Career change of the year
Sue Gray’s transmogrification from Whitehall vampire slayer to Keir Starmer’s consigliere was a genuine coup for Labour.
No wonder the outraged Tories demanded she be put on extended gardening leave when her signing was announced in March. Sadly for them, revolving door watchdog ACOBA ruled a six-month stint was sufficient. Labour Party staffers have been living in awe/fear ever since.
Comeback of the year
The jaws of live news anchors are still being scraped off studio floors following the return of David Cameron to the political fray.

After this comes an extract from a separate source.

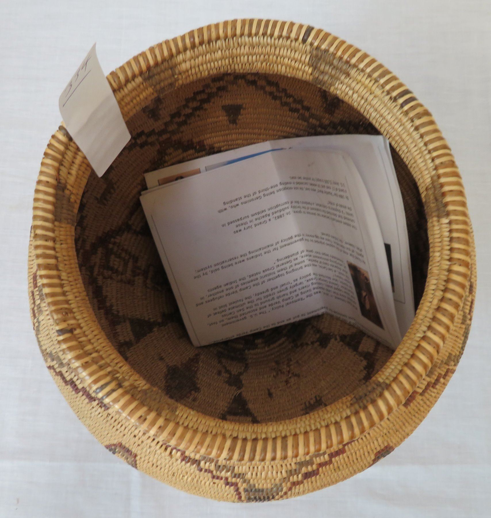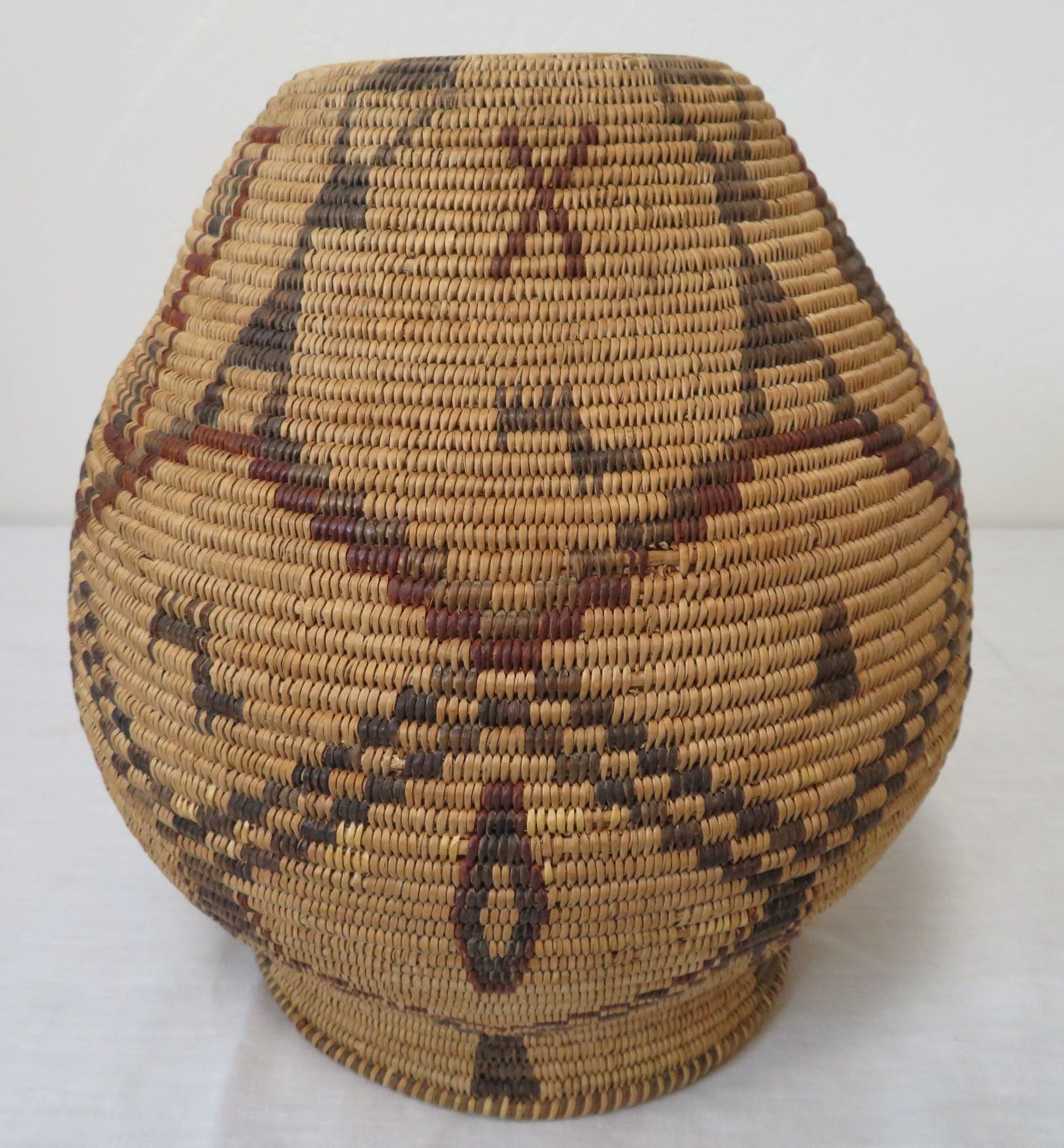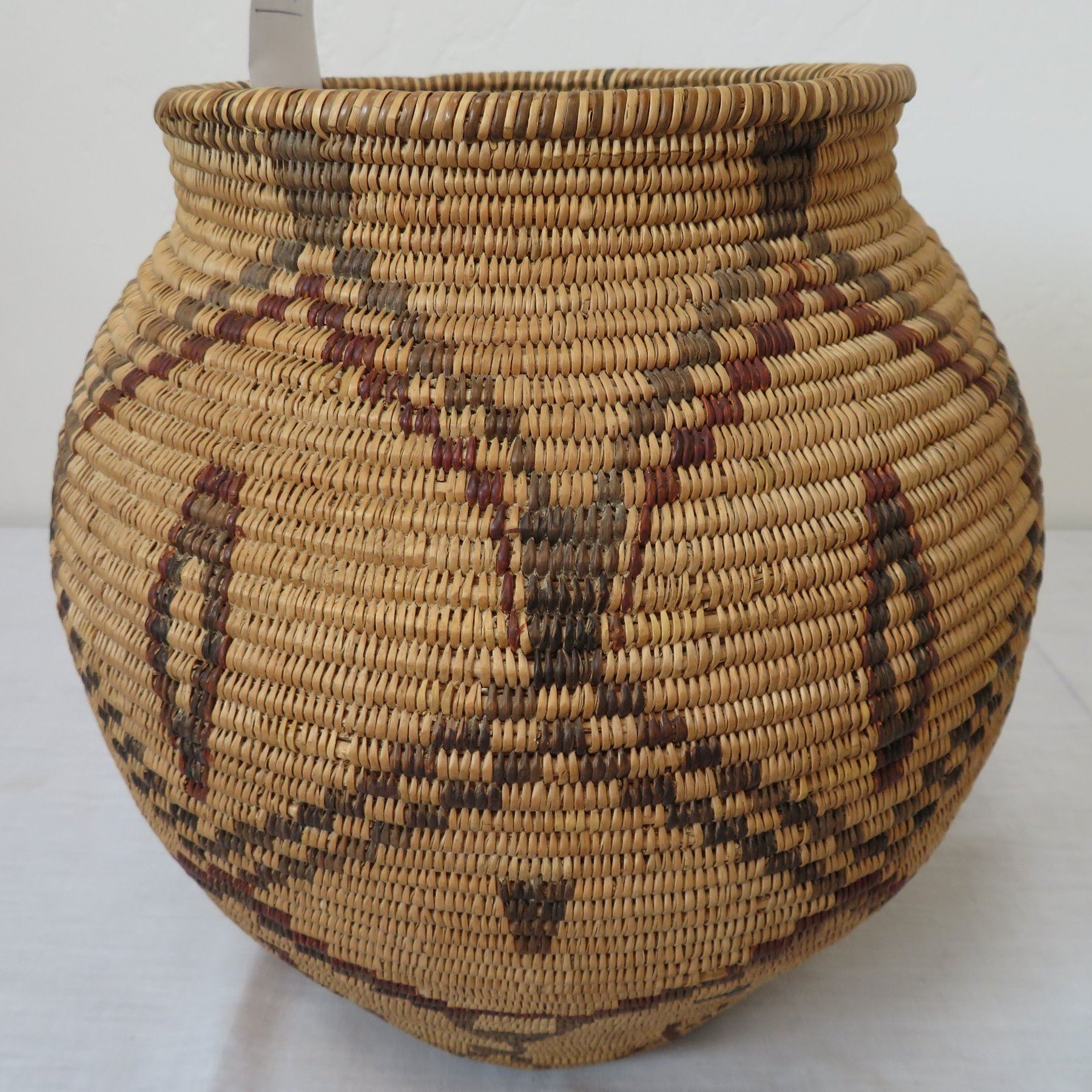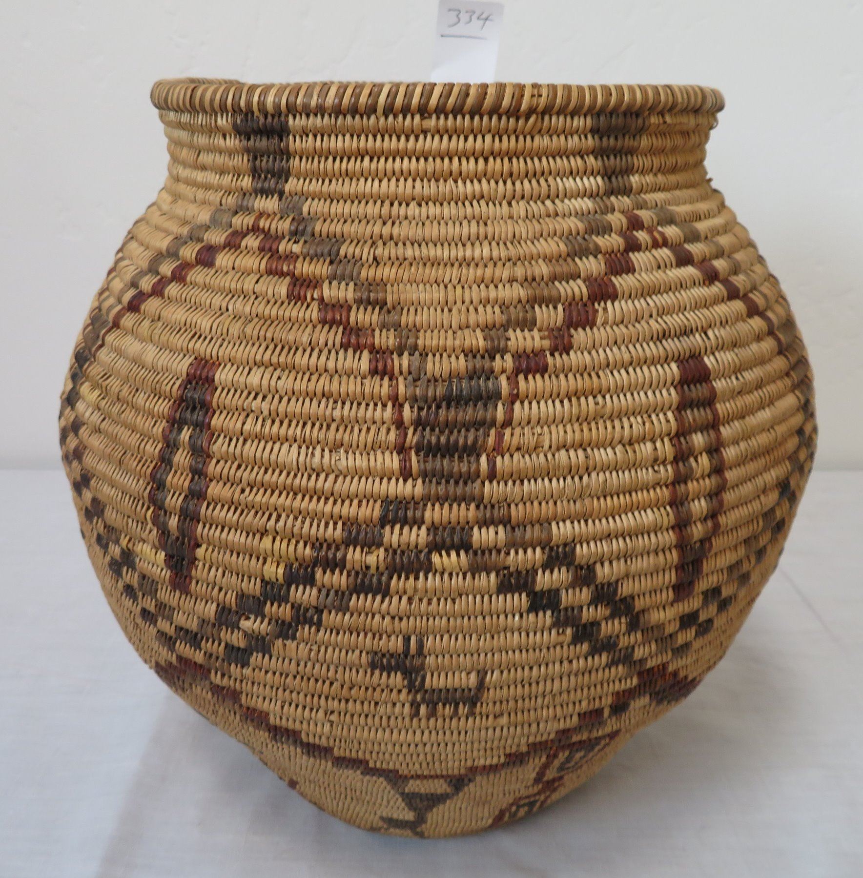 San Carlos Apache Olla, c. 1940s. Made of willow, red bud and devil's claw, the item measures 10" x 9". San Carlos Apache, New Mexico. Nice, polychrome basket. Condition: Good, see images. Shipping: $45.00 USA estimate only, due to size and value, w/insurance and signature.

Rarely has there been a reshuffle moment like the sight of that black government Daimler purring into Downing Street, and then the emergence from the vehicle of the former PM. Since then, Dave’s upbeat charm and unbowed conviction that all will be well has livened up SW1 no end. Politics needs characters … he is certainly that.
Outfit of the year
Honorable mentions to King Charles’ Greek tie at COP28, at the height of the Elgin/Parthenon marbles kerfuffle, and Keir Starmer delivering his conference speech covered in on-fashion-point glitter.
But the winner, obviously, is sword-wielder-in-chief Penny Mordaunt, whose iconic teal dress and hat with gold trim from King Charles’ coronation is now on display at Speaker’s House.
Social media post of the year
Possibly the hottest category of all in 2023, with three foot-in-mouth posts tied for the runner-up spot.
Early in the year, Rishi Sunak managed to film a clip now deleted from Instagram showing him in a car without a seatbelt, for which he was promptly fined by the police.
MP Andrew Bridgen’s tweet comparing the COVID vaccine to the Holocaust led to him parting ways with the Tories in April.
And Tobias Ellwood’s weird video on X in which he spoke warmly about *checks notes* the Taliban resulted in his departure as Commons defense committee chair in September.
But nothing made quite as many waves as Labour’s down and dirty tweet suggesting Sunak wanted to spare child abusers from jail, which even some senior party MPs found pretty grubby.
The general election gloves were well and truly off … Roll on 2024.